Adults getting busy.










Some confusion about what goes where.


----------



## Tombo46 (Aug 5, 2010)

Massive congrats Robyn! absolutely love the picture of them all together. I'd love to keep something like this (I like V. beccari) but all my time is taken up by Tokays! Keep up the good work, both with the green tree's and TRR, it's a cracking website!


----------



## [email protected] (Nov 26, 2011)

The cage is a bit over 4 ft long, 4 ft high, and is a bit over 3 ft wide. 

 The adults are not big lizards at all, maybe 13-14" on the body? They don't bang around the cage knocking into walls. They have basking areas, cooler dark areas, quote a bit of drift wood and cork, the large laybox... 

Temps range from high 70's to 130F or so. They don't often bask dead center, more off center, as seen in some of the adult pics.

 We used to do setups in the full 8 ft trough, but they would always stay on one side, not really using the full length of the cage, so we tightened it up. 

 Frank Retes made his classic point about "arboreal" cages years ago, and it stuck with me. If it isn't 10+ ft high, it isn't very arboreal. Short is working well in this setup.

 As for cover, they don't hide that often, or else we would have provided more visual barriers. There is glass (acrylic) only on the top of the cage, the sides are wood, so they have a visually protected environment. There are doors in the sides of the cages, above the trough line, that allow easy access for feeding and care. 

 As for the babies, the 2 ft cube is also a good amount of space, and they thrive in it. We have done hatchling Ackies for years in 10G and 20Glong tanks with great success, up to 4 months of age. I have long been a fan of a smaller, tighter cage for babies.

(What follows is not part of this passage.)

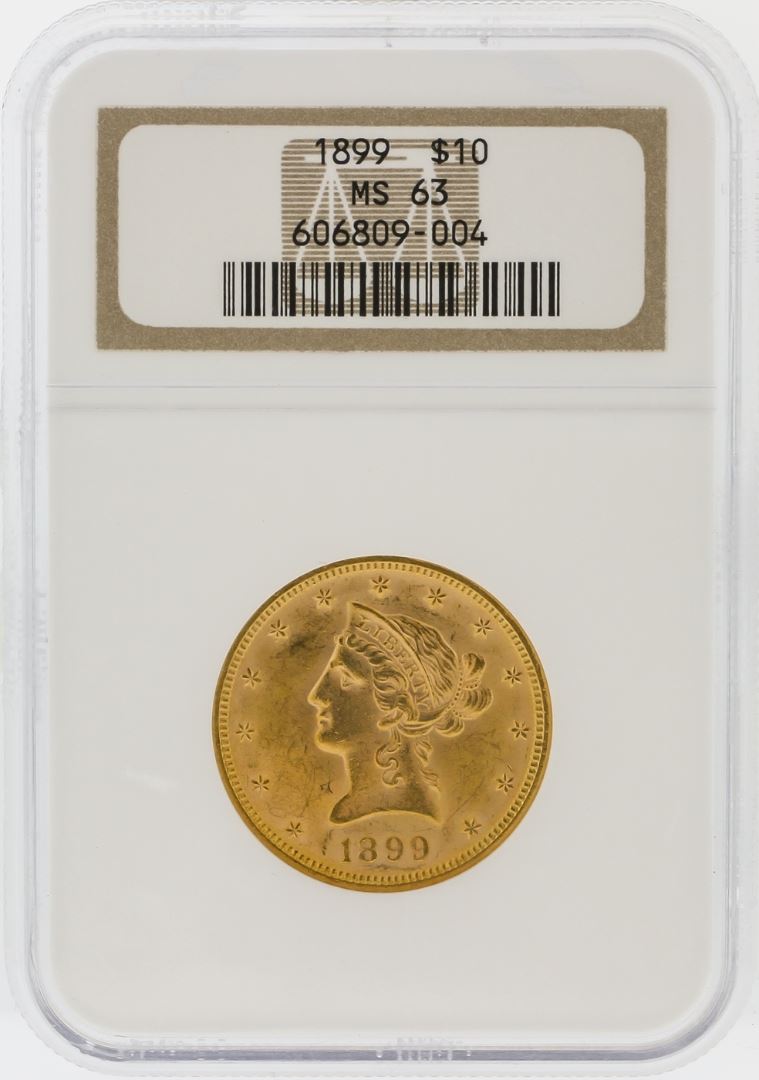 One 1899 NGC MS63 $10 Liberty Head Eagle Gold Coin. NGC Certified.

Larger cages with smaller animals make the problems, and variables, exponentially more difficult to deal with. 

 That said, back to KISS, we have tried any number of setups and cages for prasinus over the years, some I thought were brilliant, and others, in hindsight, were just dumb. 

 As long as you learn from it and move forward... 

 I am glad that we have at least the key pieces in place right now to hatch healthy babies. I don't want to mess with things too much, even though I look at aspects and say "not ideal". 

 I am scared enough of raising our captive bred babies to replace the adults in our group, as there are assumptions being made there about "babies hatched and raised at PE to breeding adults will obviously be the best choice". That SEEMS very sensible, and indeed a strong choice, but at the same time, I don't want to tip the apple cart! : ) 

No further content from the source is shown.